Despite the fact that nearly every device I rely on now has the capability to play or stream digital audio files, I would still happily embrace the inconvenience of carrying around a standalone MP3 player if it put Winamp, one of the earliest MP3 players for PCs, in my pocket.
Before the MP3 spec (MPEG-1 Audio Layer III) was officially released to the public in 1993, it wasn’t impossible to amass a collection of digital audio files on a computer. In fact, extracting the digital files from a music CD was quite easy, the problem was finding a place to store them all. I bought my first PC in 1996 before heading off to college with a massive (at the time) 1.6GB hard drive—which was roughly enough storage for two CDs worth of music.

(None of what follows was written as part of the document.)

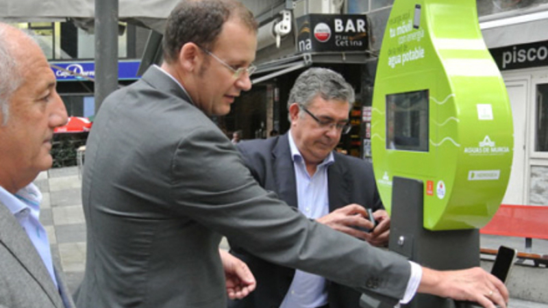Et initiativ fra Smart Murcia har opstillet ladestationerne, som udnytter vanddreven teknologi til at oplade forbipasserendes mobiltelefoner - helt gratis.
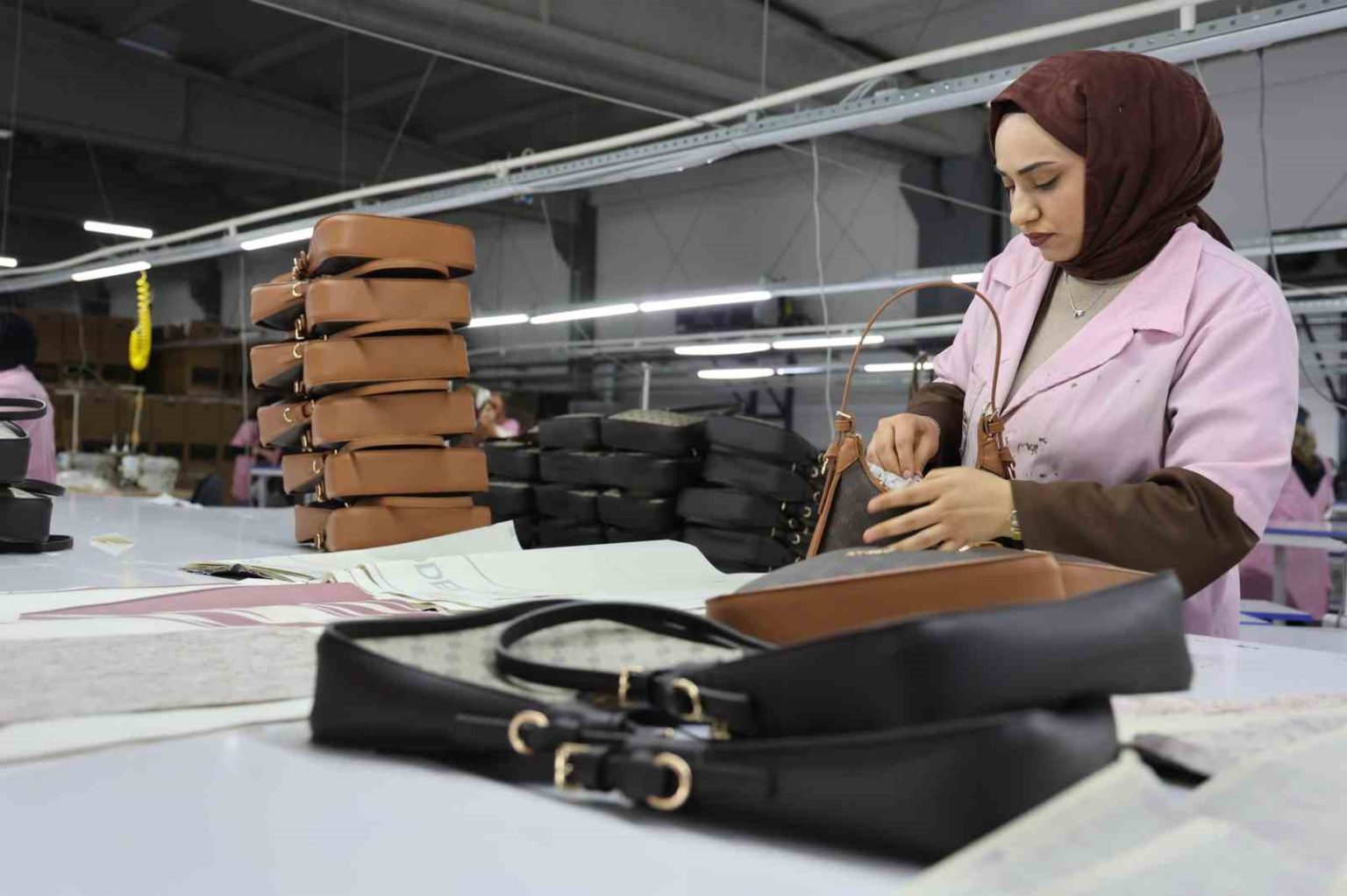 Fabrikanın Elazığ OSB’de bulunduğunu aktaran Gürkan Talo, “12 bin metrekare kapalı alanda 800’e yakın personelimizle Elazığ’dan 26 ülkeye ihracat yapan çanta fabrikasıdır. Kadın kol çantasından, kedi-köpek çantalarına, elektrikli araçların batarya çantalarına kadar üreten bir fabrikayız. Aynı zamanda istihdamın yüzde 99’ü kadın personelden oluşmaktadır. Personelimizin hiçbirinin tecrübesi yokken şu anda hepsi tecrübeli hale geldi. Elazığ’da 3’üncü senemizi tamamladık. 3 sene içerisinde gelmediğimiz günlere üzülüyoruz. Elazığ’ı çok seviyoruz. Elazığ tüm lokasyonlara yakın. Orta Doğu piyasasına lojistik anlamında yakın. Uygun fiyata lojistik fiyatlar bulunmaktadır. Şu an 2 kıtada ihracatımız var. Hedefimiz 3 kıtaya çıkarmak. Kapasite olarak dünyada 3. sıradayız. Hedefimiz dünya birinciliği. Avrupa’da ve Türkiye’de kapasite olarak birinciyiz. Asıl amacımız dünyada kapasite olarak birinci sıraya ulaşmak. Rakibimiz Çin ve Pakistan. Pakistanlı rakibimiz ile aramızda yüzde 10’a yakın bir fark var. Çinli rakibimizi geçmek için biraz daha çalışmamız gerekiyor. Azimliyiz yakalayacağımıza inanıyoruz” diye konuştu.

The MP3 format exploded in popularity during the late ‘90s because it slashed the storage space needed for digital audio files by roughly 90%, without making the files sound excruciatingly over-compressed. One minute of audio needed just 1MB of storage space, but the other thing that helped make MP3s so popular (besides the rise of file sharing) was a media player called Winamp, first released in 1997. Out of the gate, it was incredibly polished and fully featured with support for playlists, an easy-to-use graphic-EQ, and an ever-growing collection of skins and visualizers. If you had a big MP3 collection in the late ‘90s and early aughts you were also a devoted Winamp user, and probably still have a soft spot for the app.
Adafruit contributor Tim C clearly has fond memories of whipping the llama’s ass (a quote from the app’s sample file that would play the first time Winamp was launched) so they turned the $55 Adafruit PyPortal—a Python-powered IoT device similar to a touchscreen smart alarm clock but endlessly configurable and hackable—into a standalone Winamp device.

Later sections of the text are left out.